**ASSIGNED TASK**
Go over each line of the entries below, count those with "This", and give only the count.
SOURCE DATA section start
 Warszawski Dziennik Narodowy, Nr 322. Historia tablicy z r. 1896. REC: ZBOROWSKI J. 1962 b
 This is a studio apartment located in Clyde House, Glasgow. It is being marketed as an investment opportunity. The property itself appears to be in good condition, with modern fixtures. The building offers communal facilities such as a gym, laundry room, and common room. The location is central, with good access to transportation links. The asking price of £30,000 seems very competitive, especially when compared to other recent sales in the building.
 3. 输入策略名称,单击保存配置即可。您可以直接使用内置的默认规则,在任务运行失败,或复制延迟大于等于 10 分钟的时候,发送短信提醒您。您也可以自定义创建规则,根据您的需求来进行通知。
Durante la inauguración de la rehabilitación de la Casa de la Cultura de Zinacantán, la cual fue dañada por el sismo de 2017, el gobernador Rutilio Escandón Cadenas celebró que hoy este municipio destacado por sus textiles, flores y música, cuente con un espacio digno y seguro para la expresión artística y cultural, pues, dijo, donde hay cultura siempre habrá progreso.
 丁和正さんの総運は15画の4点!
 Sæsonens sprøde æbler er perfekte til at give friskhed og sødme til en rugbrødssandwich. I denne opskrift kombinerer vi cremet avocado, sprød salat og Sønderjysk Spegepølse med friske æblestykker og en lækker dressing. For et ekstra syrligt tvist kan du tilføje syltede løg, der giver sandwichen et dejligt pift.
SOURCE DATA section end
SOURCE DATA section start
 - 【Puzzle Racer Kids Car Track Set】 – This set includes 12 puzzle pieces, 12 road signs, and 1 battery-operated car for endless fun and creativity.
SOURCE DATA section end
SOURCE DATA section start
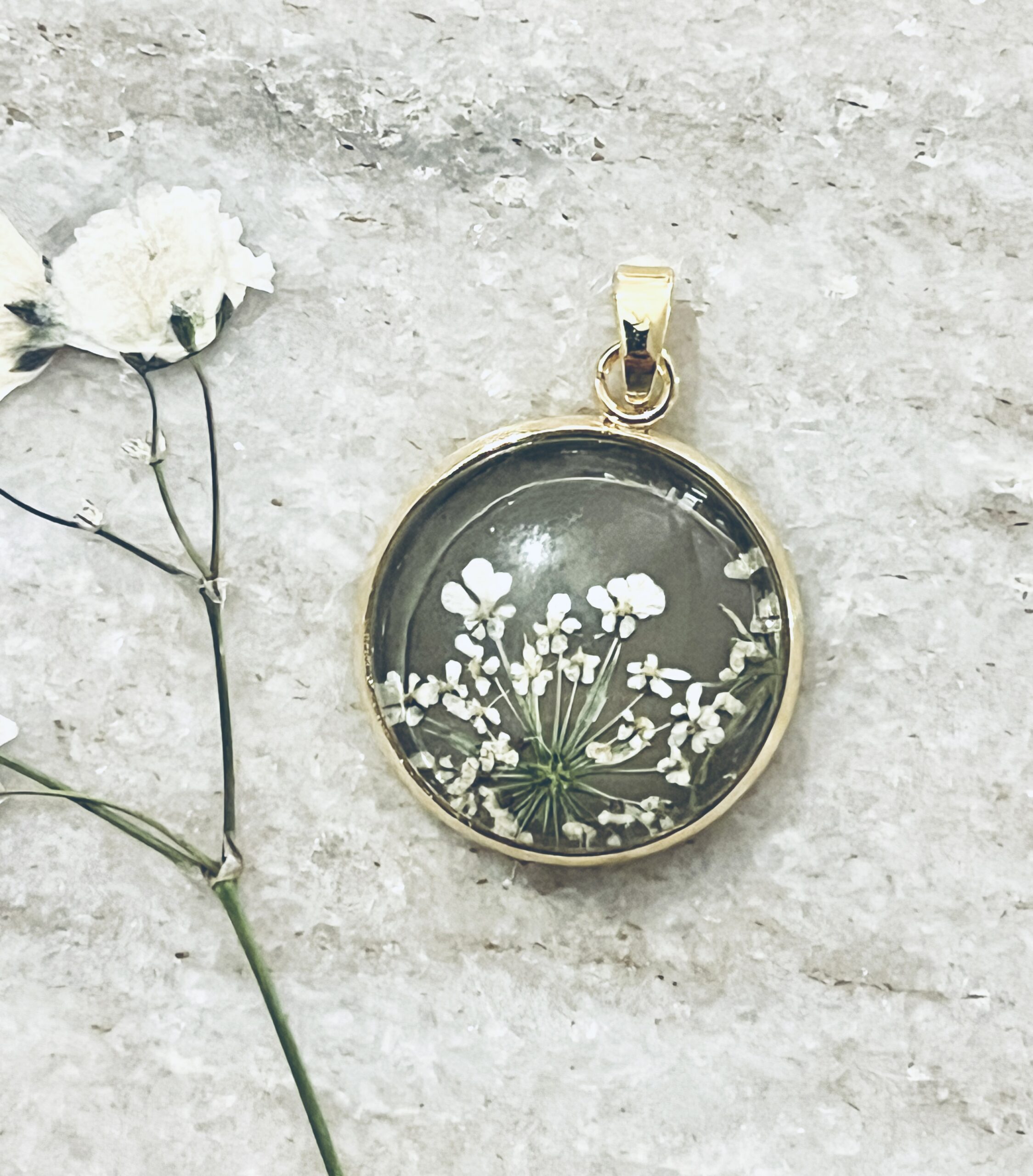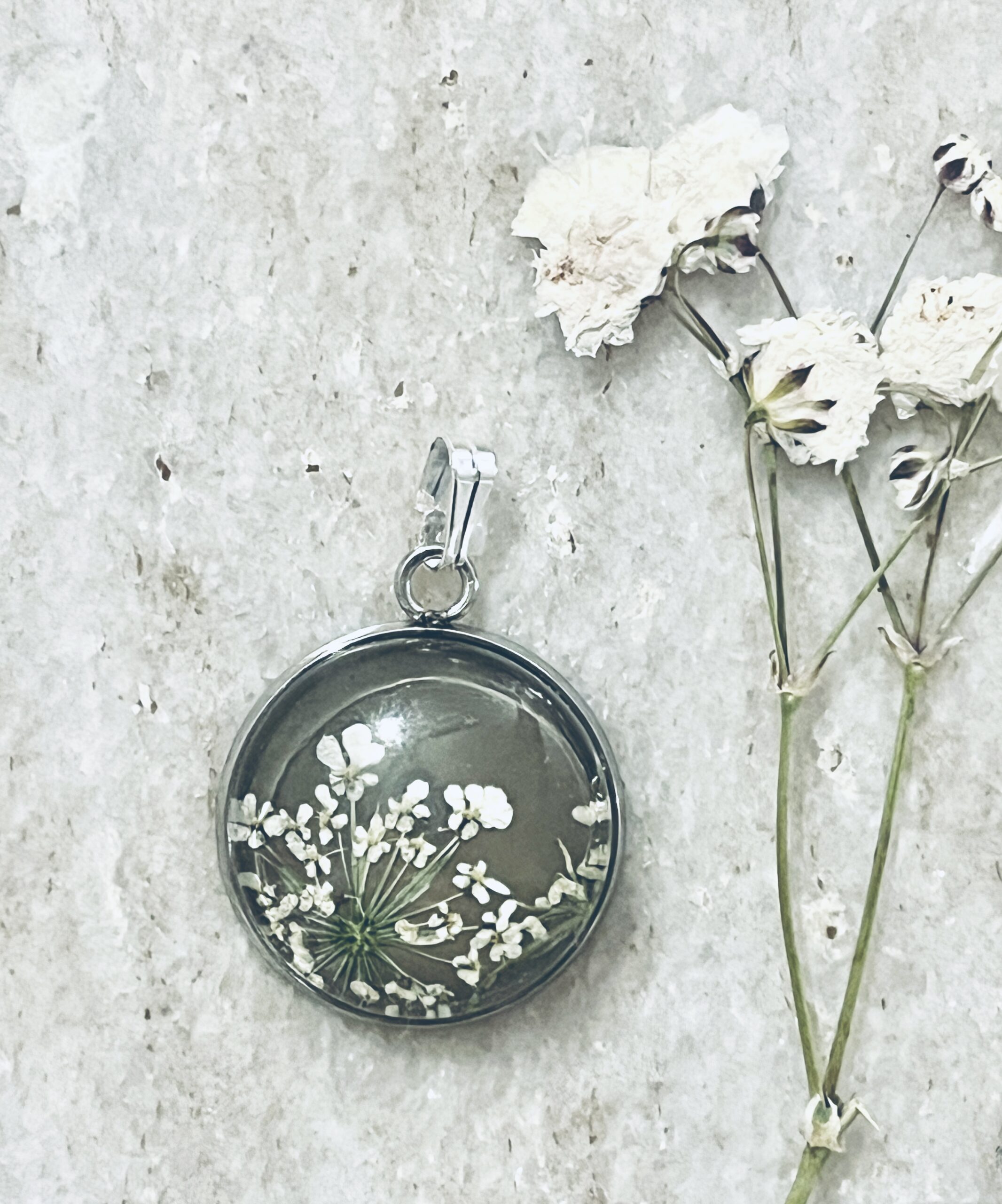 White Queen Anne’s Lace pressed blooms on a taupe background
SOURCE DATA section end
**SOLUTION**
2